PROBLEM | Among the lines below, the one containing "CHP Beykoz Meclis" opens the range and the one containing "Female short straight" closes it. Print that range exactly, without the pictures.

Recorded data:

▬▬▬

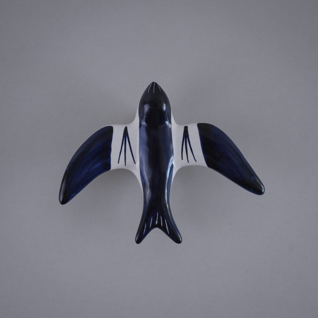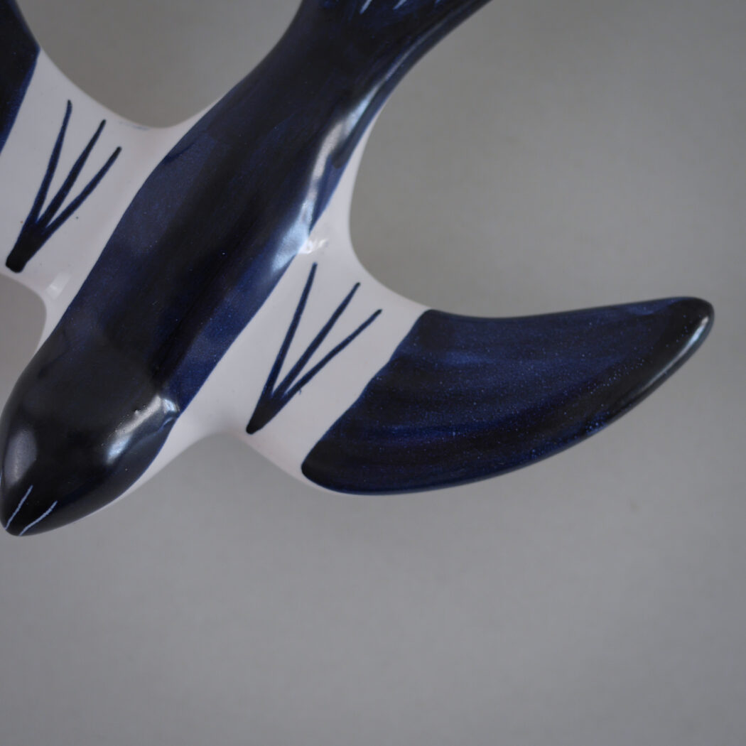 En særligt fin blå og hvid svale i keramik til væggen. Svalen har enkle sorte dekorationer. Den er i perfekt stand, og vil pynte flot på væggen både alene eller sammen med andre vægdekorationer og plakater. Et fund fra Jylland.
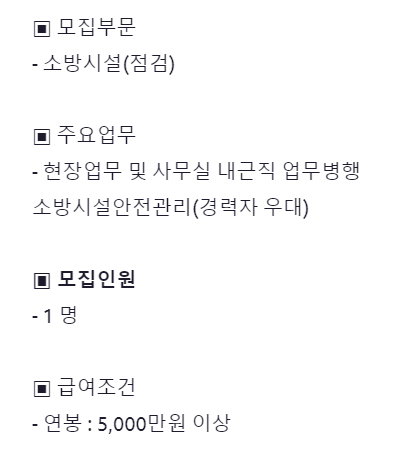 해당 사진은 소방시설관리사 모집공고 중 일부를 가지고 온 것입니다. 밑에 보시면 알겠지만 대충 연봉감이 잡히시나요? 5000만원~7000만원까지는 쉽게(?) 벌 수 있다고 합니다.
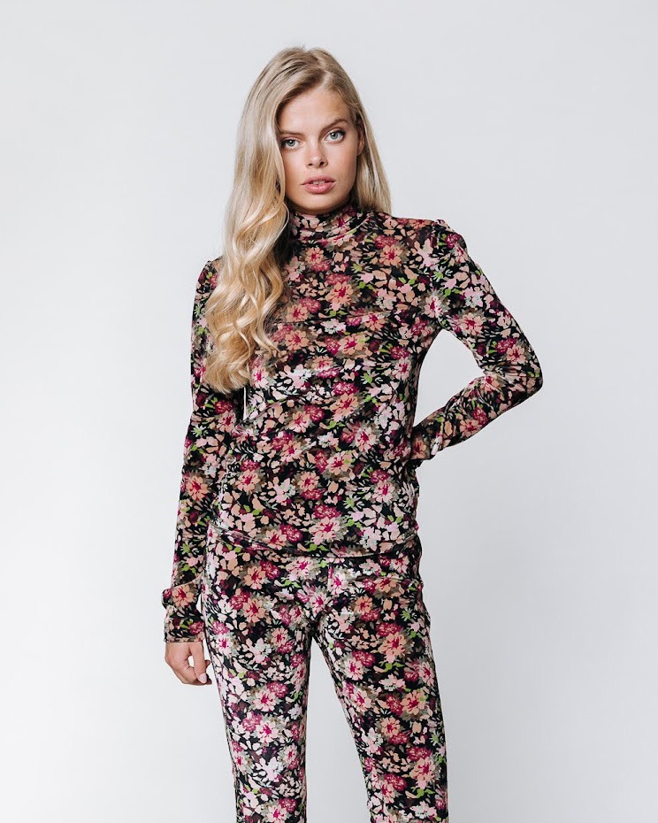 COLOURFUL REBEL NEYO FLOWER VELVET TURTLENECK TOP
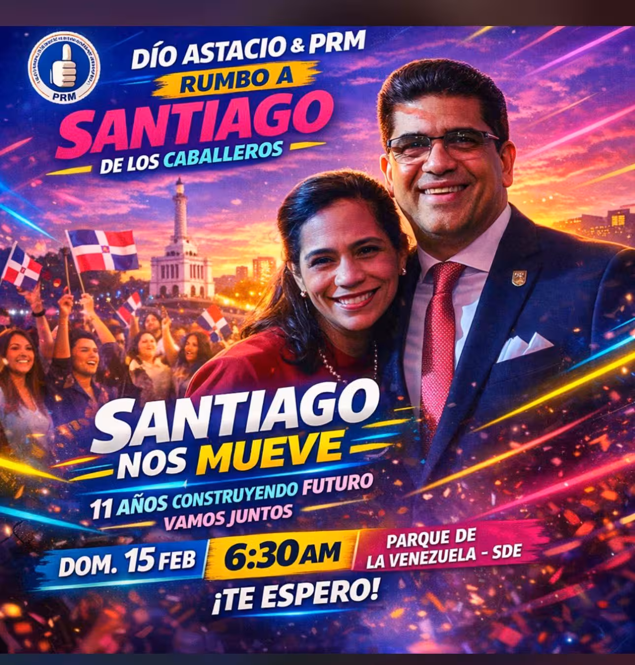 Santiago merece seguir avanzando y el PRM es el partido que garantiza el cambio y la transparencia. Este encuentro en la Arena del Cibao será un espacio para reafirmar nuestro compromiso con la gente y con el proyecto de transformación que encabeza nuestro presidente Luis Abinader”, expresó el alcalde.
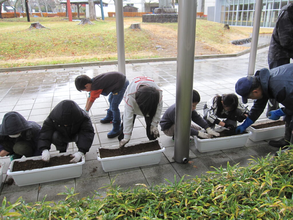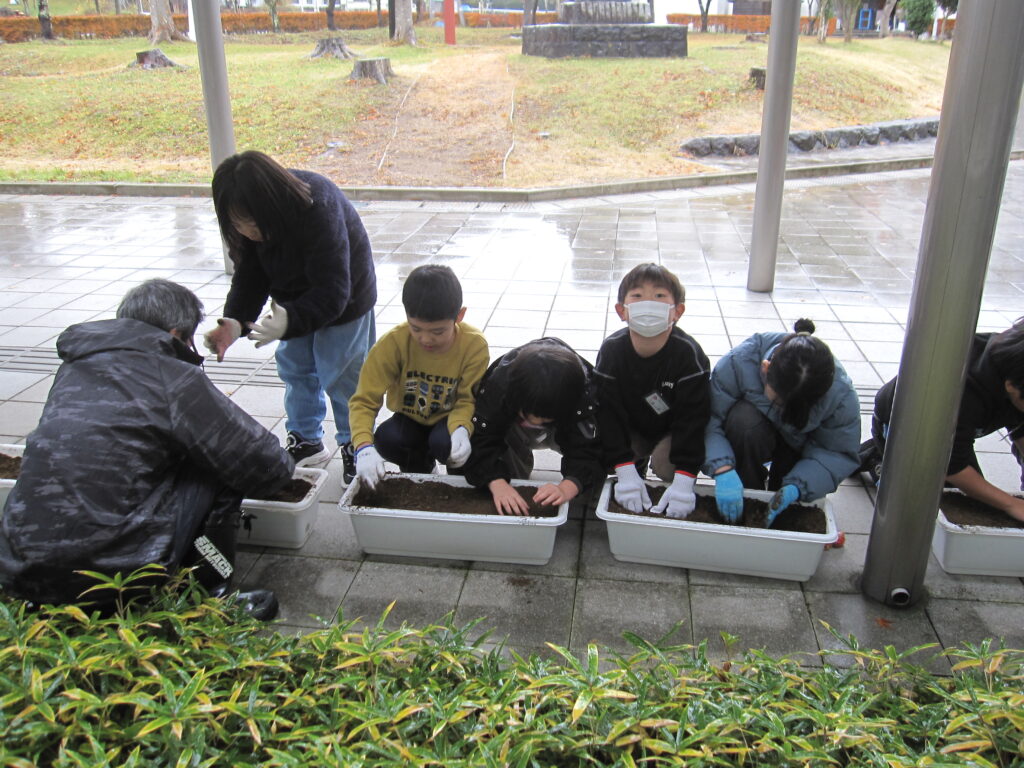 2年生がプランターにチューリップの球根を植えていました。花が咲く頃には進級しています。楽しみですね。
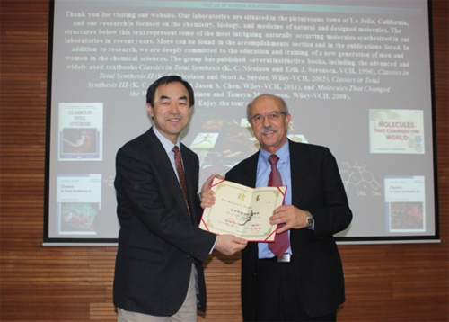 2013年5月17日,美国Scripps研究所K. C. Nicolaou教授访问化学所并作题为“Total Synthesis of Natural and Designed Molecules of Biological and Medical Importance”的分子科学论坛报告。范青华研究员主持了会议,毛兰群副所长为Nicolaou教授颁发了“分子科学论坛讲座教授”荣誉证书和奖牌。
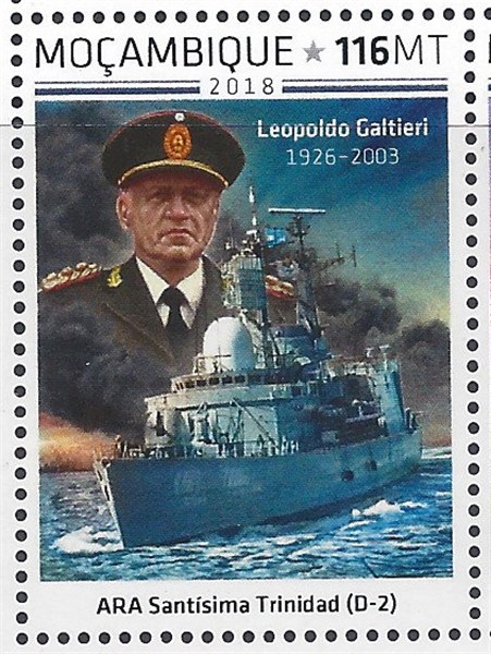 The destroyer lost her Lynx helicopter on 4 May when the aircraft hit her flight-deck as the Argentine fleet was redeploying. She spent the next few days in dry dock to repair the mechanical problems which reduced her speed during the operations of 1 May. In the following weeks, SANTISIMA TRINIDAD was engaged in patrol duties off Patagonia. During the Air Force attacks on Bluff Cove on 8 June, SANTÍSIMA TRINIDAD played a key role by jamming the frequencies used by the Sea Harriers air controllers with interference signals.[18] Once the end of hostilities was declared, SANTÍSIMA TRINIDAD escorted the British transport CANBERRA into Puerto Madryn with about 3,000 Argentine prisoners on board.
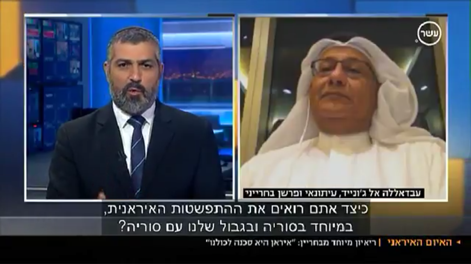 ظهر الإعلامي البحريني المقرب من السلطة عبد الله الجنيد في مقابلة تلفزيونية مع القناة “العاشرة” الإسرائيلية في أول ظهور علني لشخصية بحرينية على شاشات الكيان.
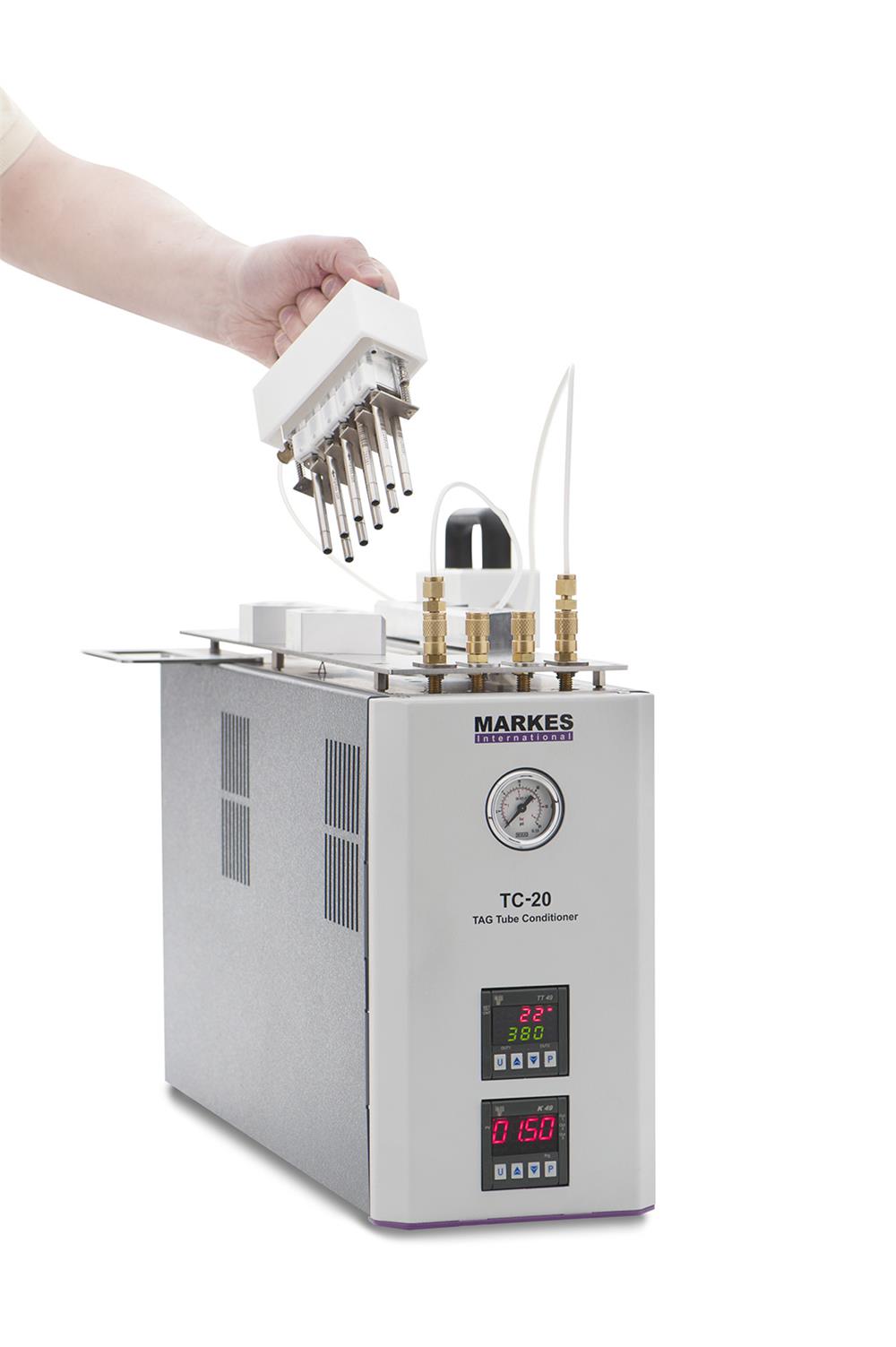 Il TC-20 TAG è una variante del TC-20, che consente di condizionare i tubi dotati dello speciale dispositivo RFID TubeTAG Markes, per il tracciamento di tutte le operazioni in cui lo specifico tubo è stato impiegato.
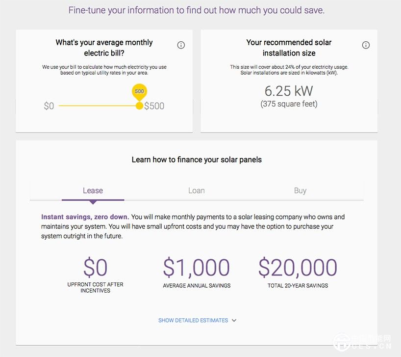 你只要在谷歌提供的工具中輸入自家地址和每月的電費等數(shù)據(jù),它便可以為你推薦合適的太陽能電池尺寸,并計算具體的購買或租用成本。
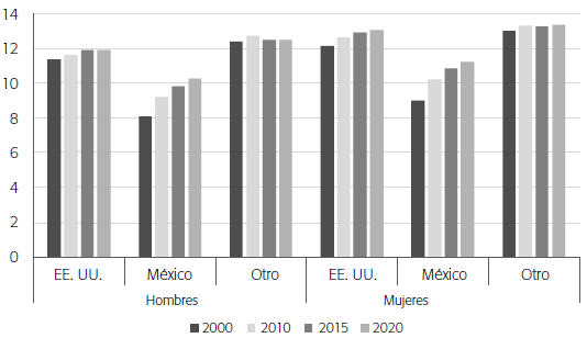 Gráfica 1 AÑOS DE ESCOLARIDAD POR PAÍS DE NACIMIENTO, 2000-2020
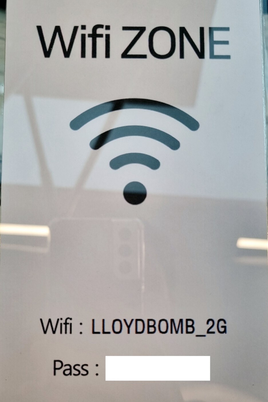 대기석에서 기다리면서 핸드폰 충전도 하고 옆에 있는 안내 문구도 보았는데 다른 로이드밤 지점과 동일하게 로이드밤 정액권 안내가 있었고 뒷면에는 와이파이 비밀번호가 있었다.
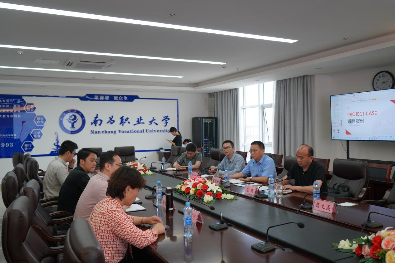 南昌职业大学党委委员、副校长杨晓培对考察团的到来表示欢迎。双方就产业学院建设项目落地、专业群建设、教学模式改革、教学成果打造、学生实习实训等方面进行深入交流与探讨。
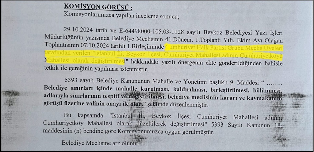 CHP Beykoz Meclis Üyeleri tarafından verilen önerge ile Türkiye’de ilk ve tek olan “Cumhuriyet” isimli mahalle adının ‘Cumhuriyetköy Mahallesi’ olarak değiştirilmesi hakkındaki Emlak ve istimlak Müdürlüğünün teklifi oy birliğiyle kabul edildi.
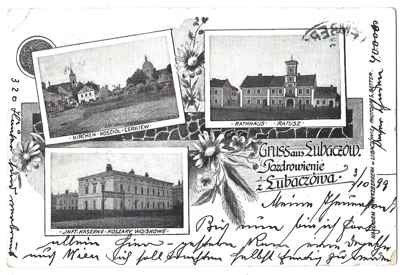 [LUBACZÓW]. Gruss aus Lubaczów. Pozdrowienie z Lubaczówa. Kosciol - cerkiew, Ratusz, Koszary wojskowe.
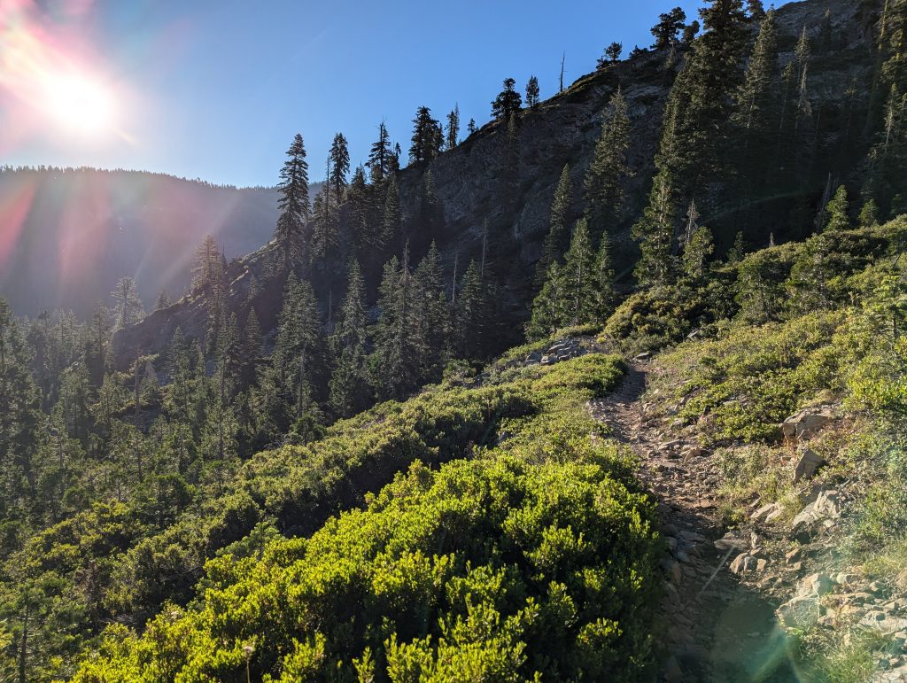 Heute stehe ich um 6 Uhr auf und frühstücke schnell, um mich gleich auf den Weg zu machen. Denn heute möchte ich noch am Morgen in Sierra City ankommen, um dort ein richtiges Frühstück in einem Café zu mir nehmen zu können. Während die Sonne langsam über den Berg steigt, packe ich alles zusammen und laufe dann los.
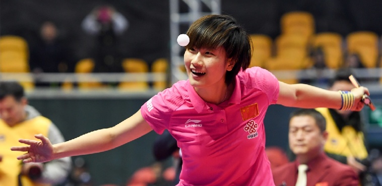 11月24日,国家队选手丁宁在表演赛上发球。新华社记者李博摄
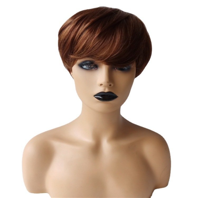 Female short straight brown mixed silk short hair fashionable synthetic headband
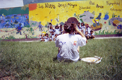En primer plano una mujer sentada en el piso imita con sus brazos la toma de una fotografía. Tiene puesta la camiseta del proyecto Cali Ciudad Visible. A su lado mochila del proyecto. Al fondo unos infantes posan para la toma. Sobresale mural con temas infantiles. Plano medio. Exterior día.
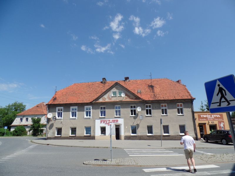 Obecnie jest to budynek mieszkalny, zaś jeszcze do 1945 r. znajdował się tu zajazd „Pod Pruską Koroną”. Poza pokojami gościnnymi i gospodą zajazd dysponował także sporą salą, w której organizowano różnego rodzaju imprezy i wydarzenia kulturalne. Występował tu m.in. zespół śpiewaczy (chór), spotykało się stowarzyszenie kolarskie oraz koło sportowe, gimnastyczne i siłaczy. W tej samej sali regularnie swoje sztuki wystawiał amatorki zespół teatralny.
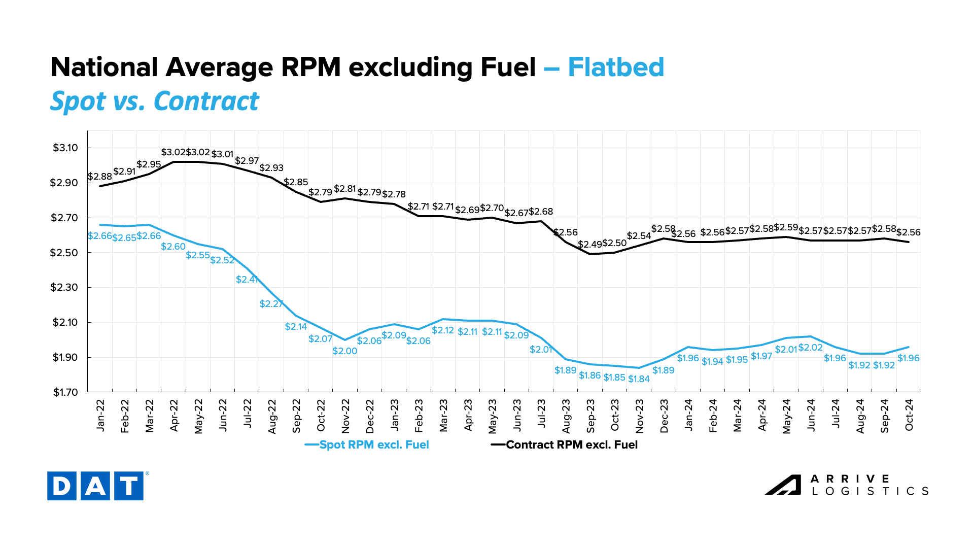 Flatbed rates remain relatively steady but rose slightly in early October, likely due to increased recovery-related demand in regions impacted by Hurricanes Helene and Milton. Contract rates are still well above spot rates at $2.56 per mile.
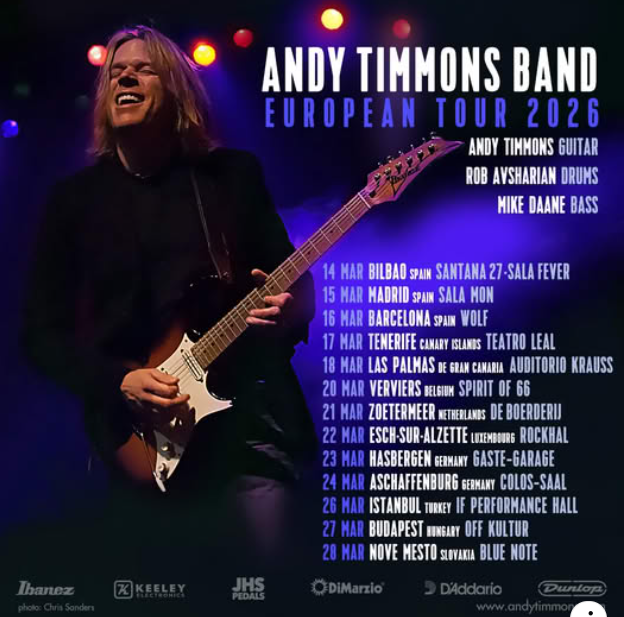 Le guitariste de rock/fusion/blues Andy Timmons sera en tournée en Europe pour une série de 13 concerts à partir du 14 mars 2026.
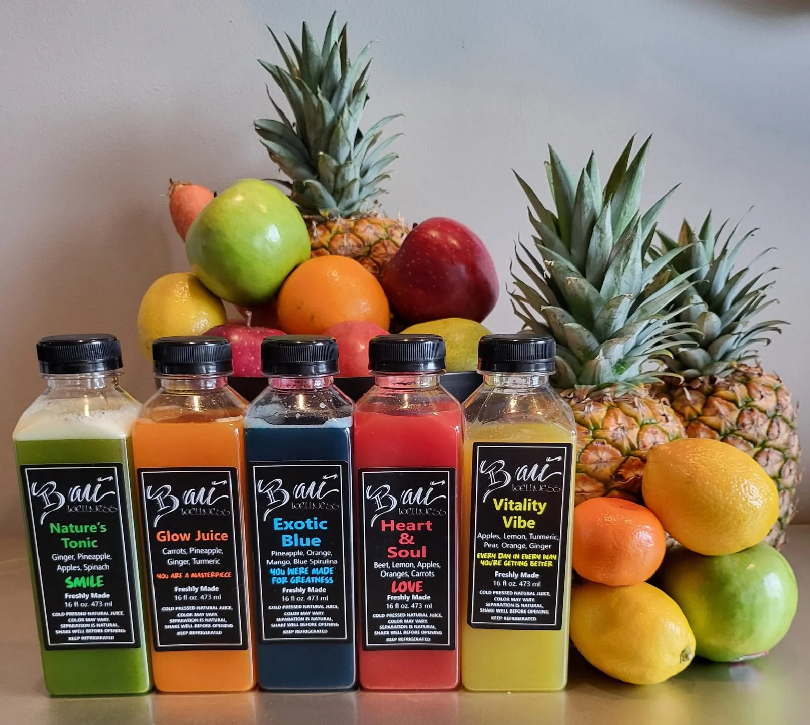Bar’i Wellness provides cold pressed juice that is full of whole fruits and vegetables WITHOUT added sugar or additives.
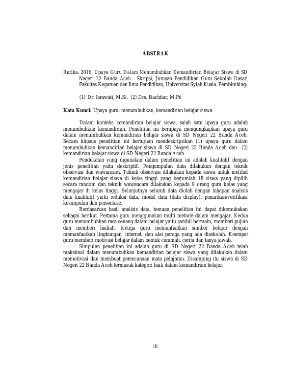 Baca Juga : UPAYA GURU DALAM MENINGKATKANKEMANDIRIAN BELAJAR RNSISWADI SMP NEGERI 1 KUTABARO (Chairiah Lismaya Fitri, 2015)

▬▬▬

RESPONSE TO THIS EXERCISE |
 CHP Beykoz Meclis Üyeleri tarafından verilen önerge ile Türkiye’de ilk ve tek olan “Cumhuriyet” isimli mahalle adının ‘Cumhuriyetköy Mahallesi’ olarak değiştirilmesi hakkındaki Emlak ve istimlak Müdürlüğünün teklifi oy birliğiyle kabul edildi.
 [LUBACZÓW]. Gruss aus Lubaczów. Pozdrowienie z Lubaczówa. Kosciol - cerkiew, Ratusz, Koszary wojskowe.
 Heute stehe ich um 6 Uhr auf und frühstücke schnell, um mich gleich auf den Weg zu machen. Denn heute möchte ich noch am Morgen in Sierra City ankommen, um dort ein richtiges Frühstück in einem Café zu mir nehmen zu können. Während die Sonne langsam über den Berg steigt, packe ich alles zusammen und laufe dann los.
 11月24日,国家队选手丁宁在表演赛上发球。新华社记者李博摄
 Female short straight brown mixed silk short hair fashionable synthetic headband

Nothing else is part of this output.